In the context of metamodeling, sparse Polynomial Chaos Expansions (PCE) based on least angle regression (LARS) have gained popularity in the recent years because of their ability to model highly non-linear responses with low fitting cost (Blatman & Sudret, 2011). Although sparse PCEs are efficient and versatile, the quality of approximation strongly depends on the choice of the experimental design (ED), i.e. the sample points where the original computational model is evaluated. Moreover, a minimum number of calls to the deterministic model is aimed at. 

In this project, we investigate the selection of the best design of experiments (the size of which is defined by the analyst) in order to ensure the optimal accuracy of the surrogate model over the whole input space.
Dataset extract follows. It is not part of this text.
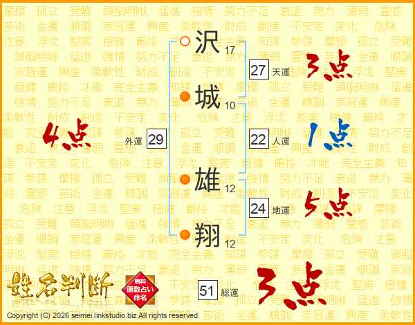 沢(17画)城(10画) 雄(12画)翔(12画)

As model evaluations are time-consuming, it is appropriate to build up the ED sequentially by enriching an initial design, based on the information gathered at the previous iteration. The initial ED, which is generated using a space-filling technique, is enriched sequentially using an optimality criterion. This criterion is related to the orthogonality of columns of the information matrix, as proposed by Shin & Xiu (2016). 

Figure 1 shows the results of a comparative study between the sequential optimal design and a standard maximin LHS, with boxplots presenting the quartiles and median validation error based on 50 independent runs for varying sizes. The figure shows that the proposed optimal design outperforms notably maximin LHS.

References

Blatman, G., and Sudret, B. (2011). Adaptive sparse polynomial chaos expansion based on Least Angle Regression. Journal of Computational Physics, 230(6), 2345-2367.

Shin, Y., and Xiu, D. (2016). Nonadaptive quasi-optimal points selection for least squares linear regression. SIAM Journal on Scientific Computing, 38(1), A385-A411.